Exercise directions:
Write out word for word each line from the one containing "That’s nice - just" through the close of the listing, including both ends. Pictures do not belong in the copy.
##### Material provided
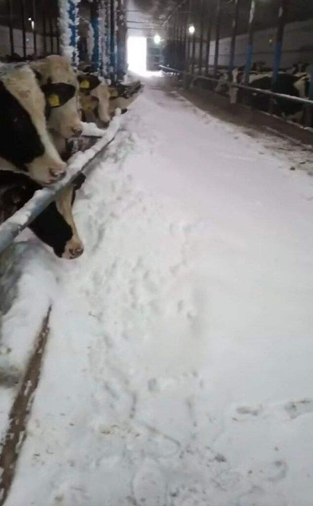 Возникают естественные вопросы: откуда в коровнике взялся снег и насколько достоверна информация, указанная автором видео?
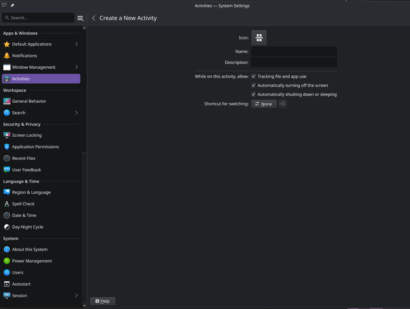 That’s nice - just don’t go crazy, if you apply a Global theme it messes up all activities - so wallpaper’s good, and my favourite is colourscheme, My alternate activity is creamy/light coloured which works well as a contrast to my dimmer/greyer comfort zone… then you have ‘activities’ options in the menu to pin/unpin various things.
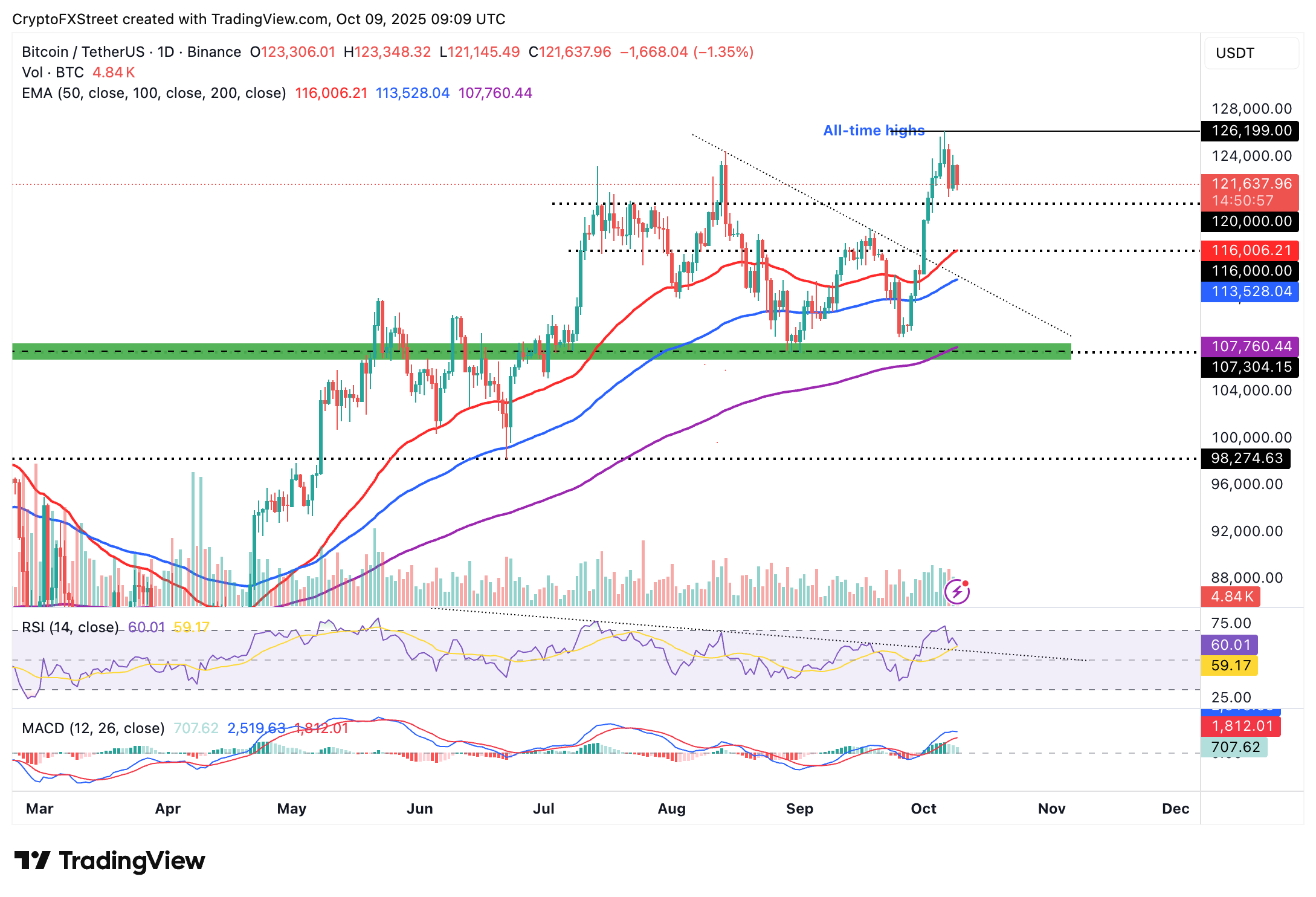 Aún así, si se rompe el soporte de 120.000$, la toma de beneficios y el sentimiento general de aversión al riesgo podrían desencadenar una corrección prolongada hacia la media móvil exponencial (EMA) de 50 días en 116.006$. Otros niveles clave que los operadores deben considerar incluyen la EMA de 100 días en 113.528$ y la EMA de 200 días en 107.760$, ambos podrían servir como áreas de soporte tentativas.
##########
Output of the task:
 That’s nice - just don’t go crazy, if you apply a Global theme it messes up all activities - so wallpaper’s good, and my favourite is colourscheme, My alternate activity is creamy/light coloured which works well as a contrast to my dimmer/greyer comfort zone… then you have ‘activities’ options in the menu to pin/unpin various things.
 Aún así, si se rompe el soporte de 120.000$, la toma de beneficios y el sentimiento general de aversión al riesgo podrían desencadenar una corrección prolongada hacia la media móvil exponencial (EMA) de 50 días en 116.006$. Otros niveles clave que los operadores deben considerar incluyen la EMA de 100 días en 113.528$ y la EMA de 200 días en 107.760$, ambos podrían servir como áreas de soporte tentativas.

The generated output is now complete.